Uma história simples



A maioria dos portugueses que irá votar no dia 4 de Outubro não saberá o que é o "quantitative easing". Como não estará a par dos efeitos da intervenção do Banco Central Europeu na compra de títulos de dívida pública, em mercado secundário, a partir de 2012. No entanto, a actuação do BCE está no centro daquilo que distingue a situação portuguesa, no início e no fim desta legislatura.
Os títulos de dívida pública portuguesa atingiram juros recorde, acima dos 10%, em 2011. Hoje o país consegue emitir dívida a juros inferiores a 3% e até a 2%. Alguém está interessado em saber porquê?

Uma história simples será dizer que o país reconquistou a sua credibilidade junto dos "mercados". Mas, como nos lembrava há poucos meses Philippe Legrain, o produto interno regrediu na ordem dos 7,5%, o crescimento é débil, o desemprego é elevado (traduzindo-se numa redução real do número de empregos e do número de empresas em actividade), a emigração atinge valores sem precedentes (da ordem dos 400.000 portugueses em quatro anos, muitos deles, como sabemos, jovens qualificados). A isto acresce que, entre os empregos que se perderam e os que se ganharam, ocorreu uma perda de rendimento do trabalho. E, pior, a dívida pública não diminuiu, mas aumentou.

Ou seja, não estamos hoje menos falidos do que há quatro anos. A grande diferença é que hoje o país consegue financiar-se a juros mínimos, nos mesmos mercados que tanto nos castigaram no início da legislatura. Porquê?
Porque o BCE levou a cabo uma política de intervenção nos mercados de dívida, comprando numa primeira fase títulos em mercado secundário, e, numa segunda fase, levando a cabo uma gigantesca operação de "quantitative easing". O que é isso?

O "quantitative easing" é um processo de criação de dinheiro pelo BCE, que ascende a valores da ordem de 1,2 biliões de euros, para compra de títulos de dívida pública que estavam na posse dos bancos.

Ao fazê-lo, o BCE introduziu uma enorme pressão negativa nos juros dos títulos de dívida da zona euro (exceptuando a Grécia que não foi coberta pelo programa), e transformou esse "imobilizado" dos bancos em reservas novamente disponíveis.
Ou seja, não só produziu uma enorme baixa nos juros, como permitiu que os bancos tivessem dinheiro disponível para emissão de crédito novo na economia. Algo que os cidadãos e as empresas começam igualmente a sentir, e que alguns traduzem numa conclusão simples: a economia está melhor.

A primeira interrogação que nos devíamos colocar reside em saber, afinal, porque é que o BCE só levou a cabo a sua estratégia de "quantitative easing" em 2015, sabendo-se que os Estados Unidos iniciaram esse processo em 2008 e o Reino Unido em 2009. Tivesse a Europa e o BCE contrariado a tendência especulativa dos mercados mais cedo e talvez países como Portugal, Irlanda, Grécia e Espanha, tivessem sido poupados aos efeitos destrutivos que esse fenómeno trouxe às economias destes países.
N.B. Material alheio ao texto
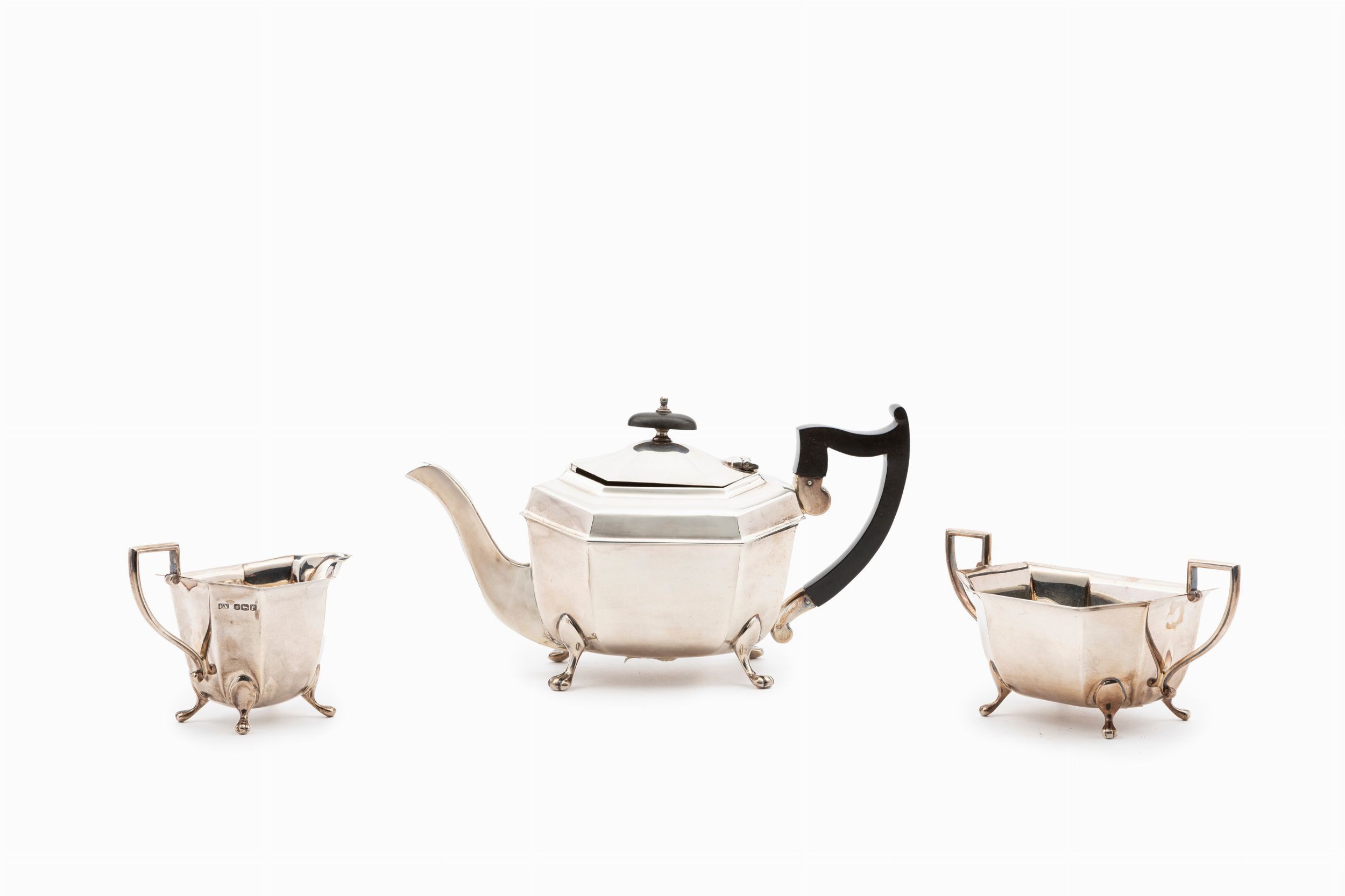 Inghilterra, città di Sheffield, 1932 composto da teiera, lattiera e zuccheriera, con manico e presa in legno.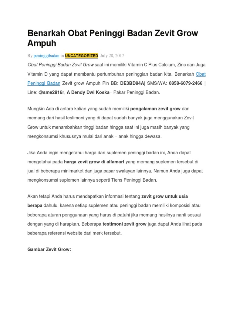 Bila kandungan senyawa ini tak mencukupi badan dapat mengalami suatu penyakit. Suplemen Peninggi Badan Original Herbal Paling Terlaris - ZEVIT GROW. Cara ini bukan tanpa alasan karena seperti yang dikenal bahwa banyak si kecil remaja ataupun dewasa yang bermasalah dengan tinggi badannya.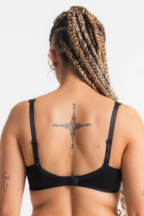 Be the star with the Superstar Plunge Bra in black by French brand Louisa Bracq—a masterpiece of luxury and allure. Designed with 3-part underwired cups, this bra enhances and supports with a seductive plunge neckline. The top of the cups is adorned with stunning gold-thread star embroidery on tulle. The bottom of the cups are crafted from sumptuous opaque fabric for a smooth, sophisticated finish. A delicate lightning-shaped jewel sits elegantly between the cups, bringing an extra sparkle of refinement.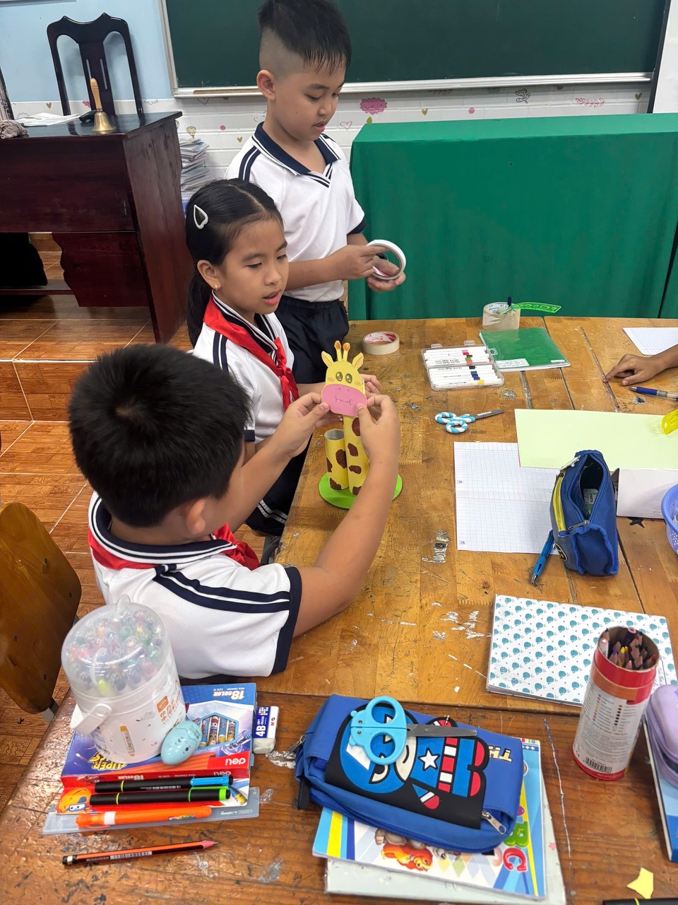 Ở môn Mỹ thuật, cô Chu Phương Thùy đã mang đến bài học “Tạo hình động vật từ vật liệu đã qua sử dụng”. Với sự khéo léo và óc sáng tạo, các em học sinh lớp 4A2 đã biến những vật liệu tưởng chừng bỏ đi như chai nhựa, bìa cứng, nắp chai… thành những chú voi, chú sư tử , chú mèo ngộ nghĩnh đầy màu sắc. Bài học không chỉ giúp học sinh rèn luyện kỹ năng tạo hình mà còn giáo dục ý thức bảo vệ môi trường và tái chế rác thải một cách ý nghĩa.

Mas a Europa fez aquilo que costuma fazer perante os problemas, traduzido na expressão bem conhecida de “dar o pontapé na lata pela estrada fora”. Preferiu, afinal, alhear-se da necessidade de levar a cabo uma acção defensiva da especulação financeira sobre os títulos de dívida dos países mais vulneráveis da zona Euro, substituindo-a pelo conjunto de políticas recessivas que hoje tão bem conhecemos.

A conclusão, infelizmente, é ainda pior. As pequenas melhorias que sentimos, traduzidas em indicadores parcelares e selectivos, estão longe de ser estruturais. São simplesmente o efeito da acção conjuntural do BCE, de que o "quantitative easing" é apenas um corolário. Alterando-se as condições agora presentes, por mudança de orientação da política europeia ou por efeito de uma crise externa, seremos novamente confrontados com as nossas fragilidades de sempre, agora agravadas pelo empobrecimento que nos deixaram estes anos de austeridade.

Mas talvez muitos eleitores prefiram uma história simples. Afinal de contas os juros estão mais baixos, os bancos já emprestam dinheiro e o deve e haver da taxa de desemprego até está a melhorar. O pior já passou. E hoje à noite dá futebol.